Further, spatially relative terms, such as “beneath,” “below,” “lower,” “above,” “upper” and the like, may be used herein for ease of description to describe one element or feature's relationship to another element(s) or feature(s) as illustrated in the figures. The spatially relative terms are intended to encompass different orientations of the device in use or operation in addition to the orientation depicted in the figures. The apparatus may be otherwise oriented (rotated 90 degrees or at other orientations) and the spatially relative descriptors used herein may likewise be interpreted accordingly.

Optical crosstalk can occur between adjacent pixel regions in a pixel array. Optical crosstalk is a pixel array performance issue, whereby incident light passes through a pixel sensor at a non-orthogonal angle and is at least partially absorbed by a photodiode of an adjacent pixel sensor. A pixel array may include deep trench isolation (DTI) structures between adjacent pixel sensors to reduce optical crosstalk and/or to increase photon absorption in a pixel sensor. However, in some cases, photons may still pass through (or diffuse through) a DTI structure, which may result in optical crosstalk between adjacent pixel sensors.

One or more passivation layers (e.g., boron (B) layers) may be epitaxially grown prior to filling a DTI structure (e.g., with an oxide material) for a pixel sensor. However, defects can occur when forming the passivation layers due to high oxygen concentration on the silicon (Si) substrate on which the passivation layers are formed. The defects may include reduced uniformity in the passivation layers, increased carbon concentration in the passivation layers, and/or dislocation of the passivation layers from the silicon substrate, among other examples. The defects may decrease the optical crosstalk mitigation performance of the DTI structure, which may result in increased dark current for the pixel sensor, reduced sensitivity for the pixel sensor, and/or reduced low-light performance for the pixel sensor, among other examples.
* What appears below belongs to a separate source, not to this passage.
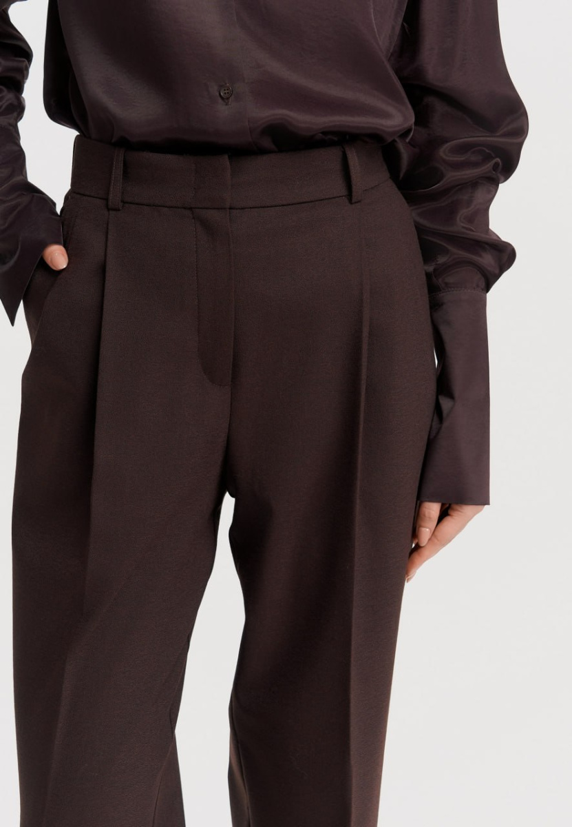По переду брюк два кармана с отрезными бочками, с двумя складками на каждой стороне брюк, с заутюженной линией «стрелки», переходящей в центральную складку.

Some implementations described herein provide pre-cleaning techniques for forming a passivation layer for a DTI structure to enable optical crosstalk reduction for pixel sensors in a pixel array. As described herein, a boron (B) layer may be formed as a passivation layer in a recess in which a DTI structure is to be formed. The recess may then be filled with an oxide material over the boron layer (and/or one or more intervening layers) to form the DTI structure.

Prior to forming the passivation layer, a cyclic pre-cleaning technique may be used to clean sidewalls and bottom of the recess in which the passivation layer is to be formed. The cyclic pre-cleaning technique may include performing one or more deposition and etch cycles to remove oxygen from the surfaces of the sidewalls and bottom of the recess to reduce the oxygen concentration in the recess prior to forming the passivation layer.

Each deposition and etch cycle may include a deposition operation and an etch operation. In the deposition operation, a sacrificial germanium (Ge) layer is deposited in the recess. The germanium readily bonds with the oxygen in the surfaces of the sidewalls and bottom of the recess, which results in the formation of germanium oxide (GeO). In the etch operation, the germanium oxide is removed by volatile evaporation and residual silicon germanium (SiGe) is removed by hydrochloric acid-based etching. The deposition and etch cycles may be performed until a sufficient amount of oxygen is removed from the surfaces of the sidewalls and bottom of the recess. The passivation layer may then be formed in the recess.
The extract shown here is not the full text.